As considerações do filósofo polonês, frente ao medo da humanidade Pós-Moderna, resultam do que ele chama de Modernidade Líquida. Esse conceito refere-se a uma Era em que as relações humanas não são concretas. Nossas crenças, nossos valores e nossos comportamentos são escorregadios. Os mais idosos, como o próprio autor, tendem a demonstrar saudade em relação a uma época em que os contratos sociais (explícitos ou não) se davam pelo “fio do bigode” – os jovens não devem fazer ideia do que essa expressão significa. As relações eram mais sólidas, mais duradouras, mais confiáveis. É desse cenário “aquoso”, sem forma, incontrolável e impalpável da Modernidade Líquida, que surge o “medo líquido”.
Em comparação aos animais, o homem tem a desvantagem de poder pensar sobre o medo. Creio que apenas o ser humano consiga somar a insegurança e a vulnerabilidade aos seus medos. O potencial para enfrentar o medo é o mesmo para que nós criemos novos medos. Como se não nos bastasse o medo de ameaças reais, conseguimos criar “medos apêndices” (os “medos derivados” mencionados por Bauman). E, assim, penso eu, chegamos a uma estatística assustadora de Síndrome de Pânico em nossa sociedade.

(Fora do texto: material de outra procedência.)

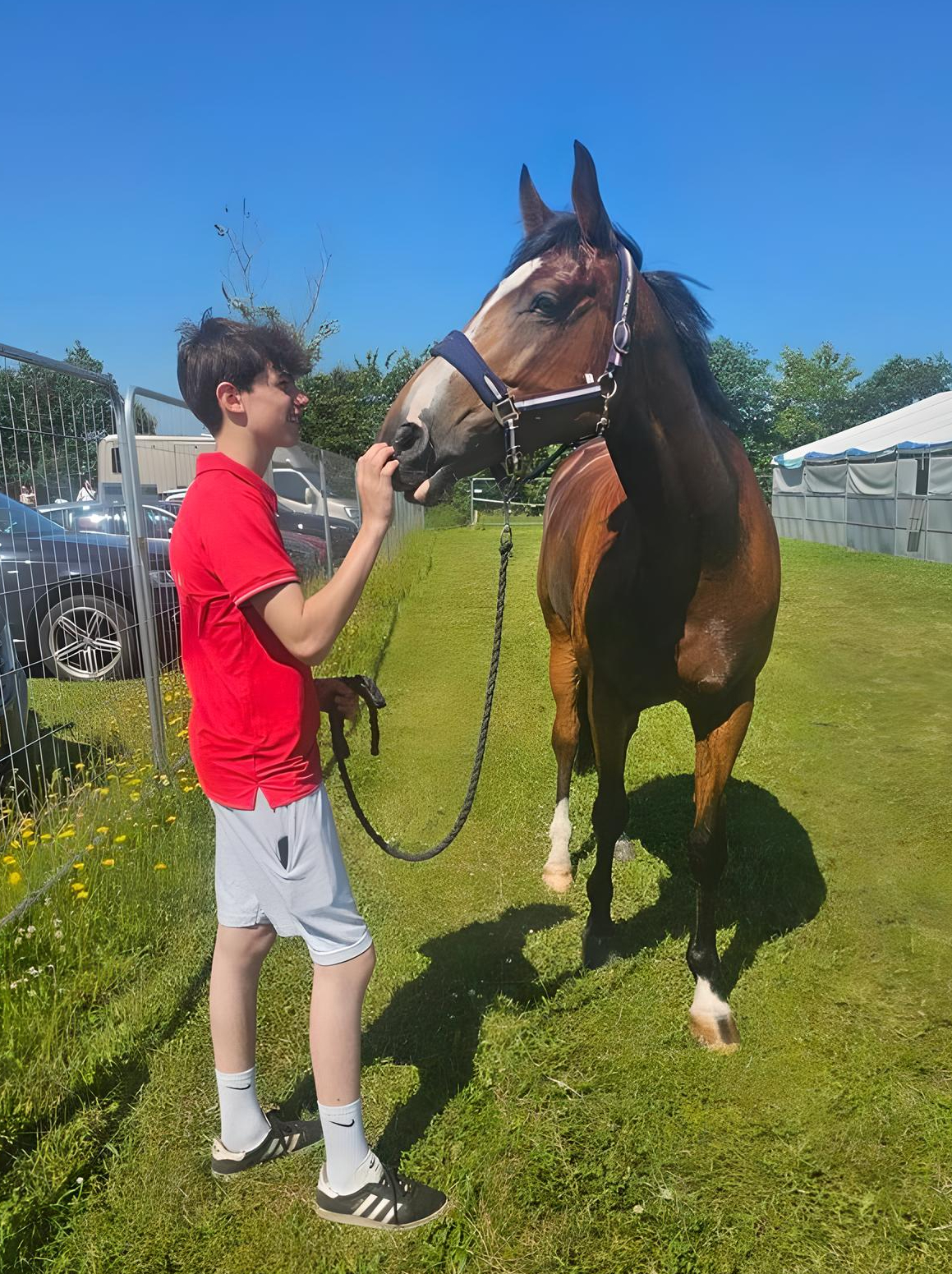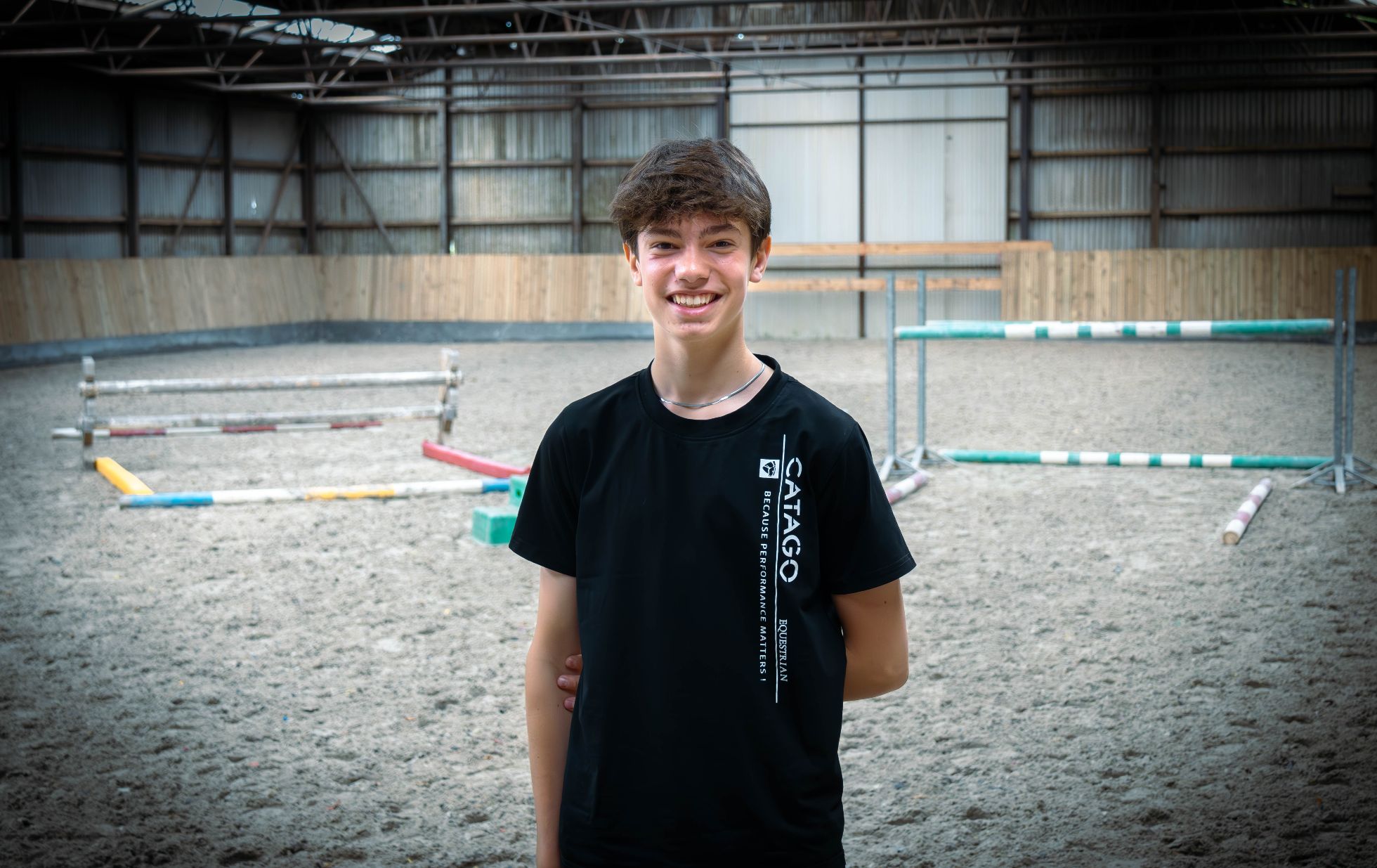 14-årige Xander Reinholt Fredslund er netop hjemvendt fra de nordiske mesterskaber i springning, hvor han var med på det children-landshold, der vandt bronze i holdkampen, og hvor Xander var vanvittig tæt på også at hente bronze i den individuelle klasse.
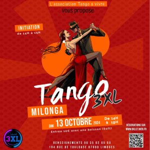 Le cabaret 3XL s'associe à l'association Tango à Vivre pour vous proposer une après-midi autour du tango argentin, une danse uniquement basée sur de l'improvisation, faite d'échanges entre le guideur et le guidé.
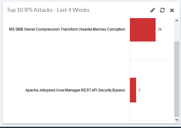 The Top 10 IPS Attacks widget displays the IPS attack name and number of events for the selected time period (24 hours, 7 Days, or 4 weeks).
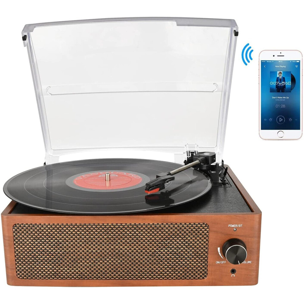 (Brown) Vinyl Record Player Bluetooth Belt Drive 3 Speed Turntable, Vintage Nostalgia Record Player with Built-in Stereo Speakers
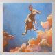 Fyrkantiga poster med en målning av en valp som flyger i blå himmel med moln. Det här är en gåva för att få någon att le. Underbar för ett barn eller ett medicinskt väntrum.

O ‘medo derivado’ é uma estrutura mental estável que pode ser mais bem descrita como o sentimento de ser suscetível ao perigo: uma sensação de insegurança (o mundo está cheio de perigos que podem se abater sobre nós a qualquer momento com algum ou nenhum aviso) e vulnerabilidade (no caso de o perigo se concretizar, haverá pouca ou nenhuma chance de fugir ou de se defender com sucesso; o pressuposto da vulnerabilidade aos perigos depende mais da falta de confiança nas defesas disponíveis do que do volume ou da natureza das ameaças reais). (BAUMAN, 2008, p.9)
Os medos humanos podem ter origem nas fontes mais concretas como as que estão associadas à nossa saúde física e também as mais subjetivas associadas à nossa psique ou à nossa vida social.
Os perigos dos quais se tem medo (e também os medos derivados que estimulam) podem ser de três tipos. Alguns ameaçam o corpo e as propriedades. Outros são de natureza mais geral, ameaçando a durabilidade da ordem social e a confiabilidade nela, da qual depende a segurança do sustento (renda, emprego) ou mesmo da sobrevivência no caso de invalidez ou velhice. Depois vêm os perigos que ameaçam o lugar da pessoa no mundo – a posição na hierarquia social, a identidade (de classe, de gênero, étnica, religiosa) e, de modo mais geral, a imunidade à degradação e exclusão sociais. (BAUMAN, 2008, p.10)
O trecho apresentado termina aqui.